Ain't—is not (used by non-Southerners, but especially common in Southern speech)

Airish—cold

Bayou—marshy outlet of a lake or river; slow-moving body of water

Biggety—vain and overbearing

Bitty bit—a very small amount 

Bossman, Bosslady—head person, or person in charge

Broomsage—dry straw, wrapped and fastened together with rope to use for a house broom

Buggy—shopping cart

Buzzard, Ol' Buzzard—elderly male, usually single, who is regarded as less than desirable

Cajun—person of French Canadian descent who is native to Louisiana, the dialect of Cajun speech

Cantankerous—quarrelsome, difficult to deal with

Carry—give somebody a ride in a motor vehicle

Carry on—behave in a foolish or silly manner

Catty-cornered or Cattywampus—Cater-cornered or diagonal

Clear out—far out (They live clear out on the edge of town.)
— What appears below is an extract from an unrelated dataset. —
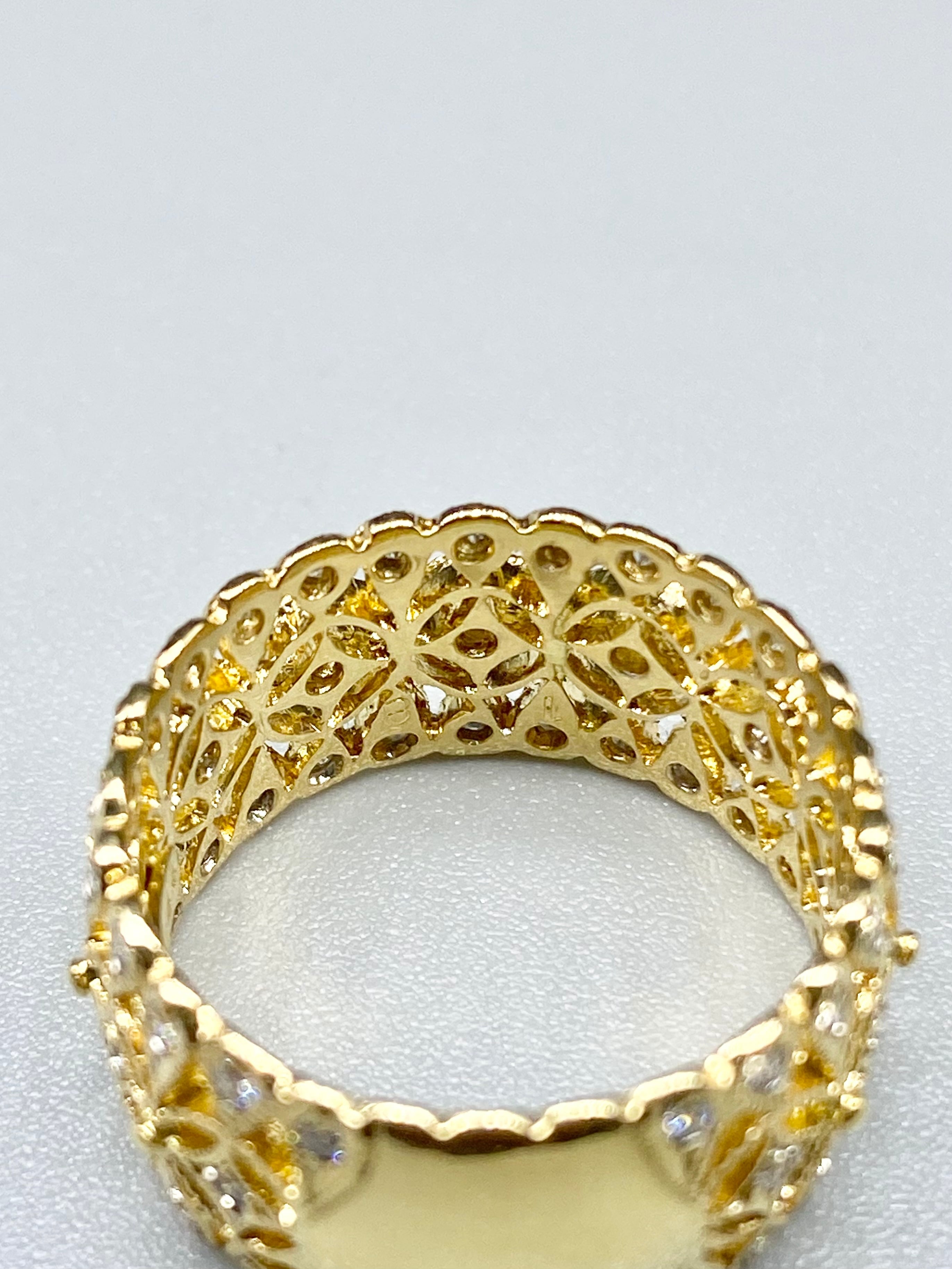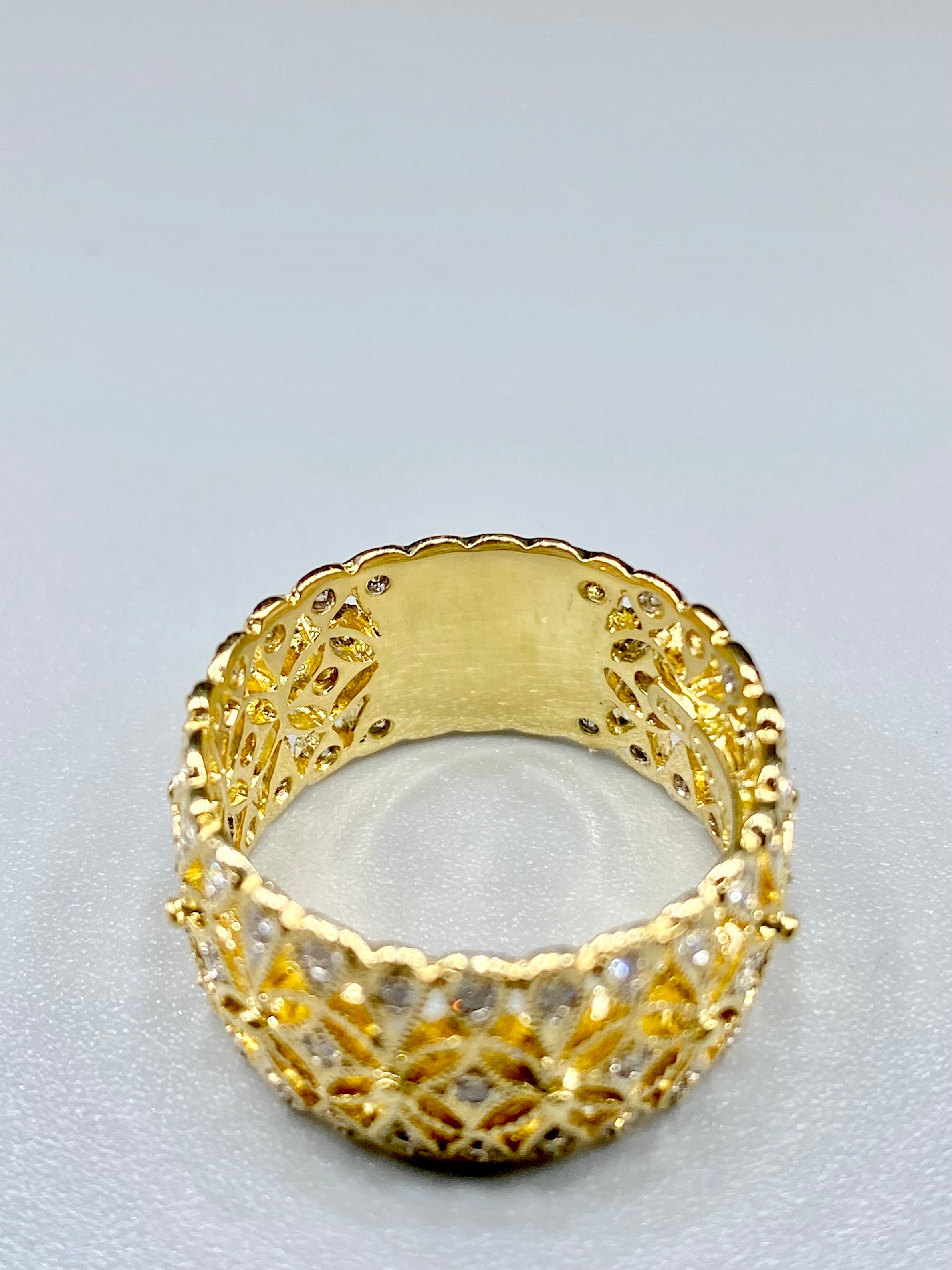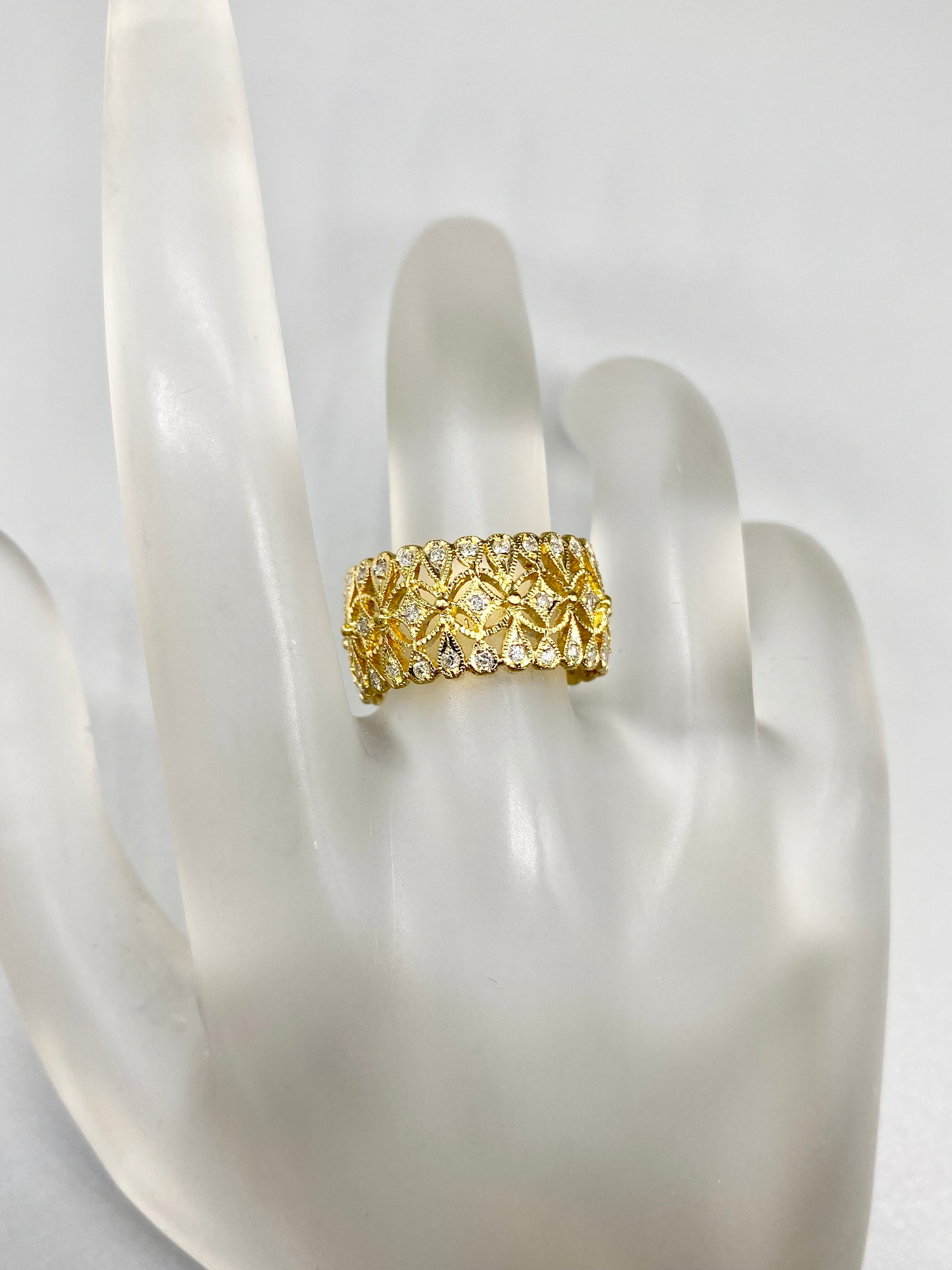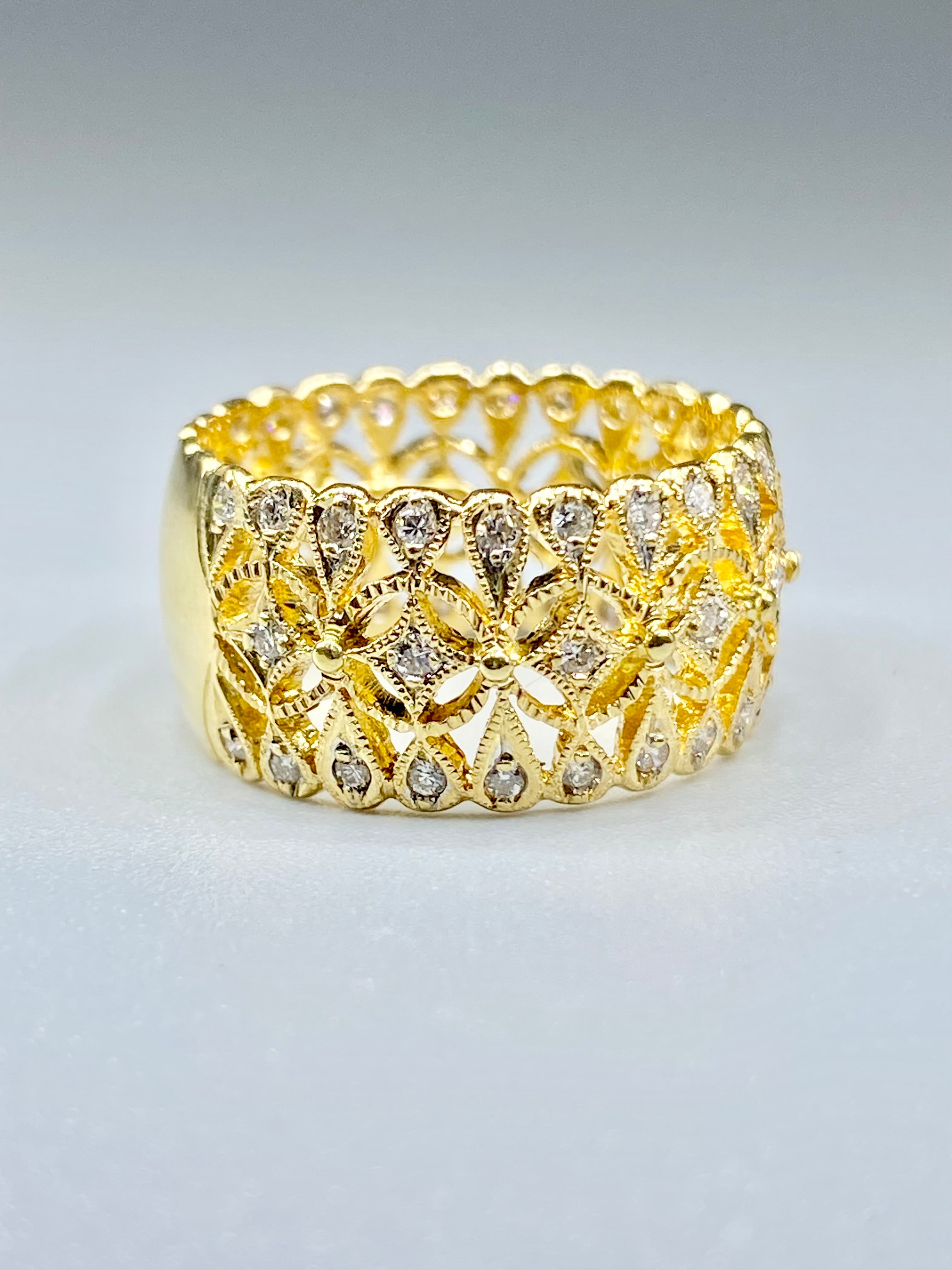 幅も広めですが透かしのおかげで重量感はありません。またぎらぎらとした光り方はしないため、装飾的でありながらも存在感が強すぎると感じることもないかと思います。

Clodhopper—field hand or heavy work shoes

Chunk—throw, toss 

Coke—any soft drink

Coon—Raccoon

Cooter or Coot—Turtle, especially larger edible species

Cracker—Term loosely applied to native Georgians and Floridians, below White Folk, but above Trailer Trash in social status.  

Croaker sack—burlap sack, a gunny sack

Cuss—curse, also an annoying or stubborn person or animal

Cuss out—chastise with swear words

Cut —To turn on, off, up or down (Cut the light on, I can’t see anything.)

Cut the fool—joke around

Dang—Euphemism for "damn"

Directly—in a little while, soon

Dixie—Southern States of the U.S.A.

Dixiecrat—Southern Democrat known for his or her conservative views

Done—used to emphasize the occurrence of something in the past (Yes, siree, they done got married last week.)

Do-hickey—substitute name, like the terms what-cha-ma-call-it or thing-a-ma-jig

Druthers—Preferences, I’d rather (If I had my choice, If I had my druthers)

Et—Ate

Fair to middling—average, usually a response to "How are you?"

Falling out—disagreement

Fair piece—sizeable, considerable, or long distance

Feisty—touchy and quarrelsome or frisky and full of nervous energy

Figure—suppose, consider, or plan on something (I figured it would rain today.)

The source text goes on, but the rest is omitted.